Dr. Bito was interested in a family of chemicals produced by the body, prostaglandins, and how they might affect the eye. Conventional scientific wisdom held that prostaglandins raised intraocular pressure, which could lead to blindness. Dr. Bito had a contradictory theory — that prostaglandins, given in small enough doses, could actually lower the pressure.

With financial support from the government, Dr. Bito studied prostaglandins in monkeys, cats and even himself, squirting the chemical in his own eye to gauge how much redness and irritation it caused. In the early 1980s, his work led to a patent and to every scientific researcher’s dream: a blockbuster drug, latanoprost, now marketed by Pfizer as Xalatan.
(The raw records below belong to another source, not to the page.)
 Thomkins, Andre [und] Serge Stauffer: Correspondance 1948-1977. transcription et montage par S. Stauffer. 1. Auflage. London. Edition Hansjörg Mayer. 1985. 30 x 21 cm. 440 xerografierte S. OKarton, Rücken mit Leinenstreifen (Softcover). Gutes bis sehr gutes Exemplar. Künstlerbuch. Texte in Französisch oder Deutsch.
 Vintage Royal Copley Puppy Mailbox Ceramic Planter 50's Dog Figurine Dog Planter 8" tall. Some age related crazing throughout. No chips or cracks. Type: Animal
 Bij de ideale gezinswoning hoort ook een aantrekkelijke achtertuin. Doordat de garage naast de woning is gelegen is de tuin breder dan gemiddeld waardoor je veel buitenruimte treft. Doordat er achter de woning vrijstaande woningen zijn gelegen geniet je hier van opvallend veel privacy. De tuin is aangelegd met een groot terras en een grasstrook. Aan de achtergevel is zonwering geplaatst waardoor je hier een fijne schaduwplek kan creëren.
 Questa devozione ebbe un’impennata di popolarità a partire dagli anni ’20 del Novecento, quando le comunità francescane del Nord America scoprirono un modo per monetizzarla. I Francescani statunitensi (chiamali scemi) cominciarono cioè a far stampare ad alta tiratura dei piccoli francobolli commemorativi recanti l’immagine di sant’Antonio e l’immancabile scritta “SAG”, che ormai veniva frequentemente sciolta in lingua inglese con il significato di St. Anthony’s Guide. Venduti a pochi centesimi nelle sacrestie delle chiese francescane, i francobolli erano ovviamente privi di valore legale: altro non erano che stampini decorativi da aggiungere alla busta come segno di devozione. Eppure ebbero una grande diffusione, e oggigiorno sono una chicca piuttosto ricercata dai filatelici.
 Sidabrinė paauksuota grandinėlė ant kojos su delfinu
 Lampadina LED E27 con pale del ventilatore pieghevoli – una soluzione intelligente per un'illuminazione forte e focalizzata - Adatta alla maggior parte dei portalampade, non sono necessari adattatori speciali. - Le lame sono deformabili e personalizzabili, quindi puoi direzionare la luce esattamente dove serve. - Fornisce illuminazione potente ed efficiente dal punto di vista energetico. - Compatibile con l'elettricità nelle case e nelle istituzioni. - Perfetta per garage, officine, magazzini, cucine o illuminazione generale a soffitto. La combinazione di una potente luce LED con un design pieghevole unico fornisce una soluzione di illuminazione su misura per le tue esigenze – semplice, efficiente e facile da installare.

In 1988, as the Soviet Union began to crumble, Dr. Bito began making trips back to Hungary, said Ms. Carino, whom he married the previous year. After the release of Xalatan and his retirement from Columbia University in 1997, he began to spend more time in his homeland, she said, “as he also returned to his first love, of writing.”

Dr. Bito “made copious notes on the subject of death and dying,” Ms. Carino said, and wrote and spoke extensively on the topic of “eutelia,” meaning a “good end.” He was an advocate of assisted suicide, she said, and “the need for emphatic specialists to help us out of life when the time comes.”

In his later years, friends said, Dr. Bito became determined to see some of his books published in English — in particular “Abraham and Isaac,” which he intended to reissue under the title “The Curse of Obedience.” Mr. Solomon, his translator, who attended Bard with him, said Dr. Bito had phoned him every night to talk about the project up until his death.

Mr. Goodfriend, the diplomat, said he had long philosophical conversations with Dr. Bito in recent months. He said Dr. Bito had seemed to be re-evaluating his life, “asking the kind of deep questions that are very difficult to answer, but looking to see, how do we know what’s real, and what’s not real?”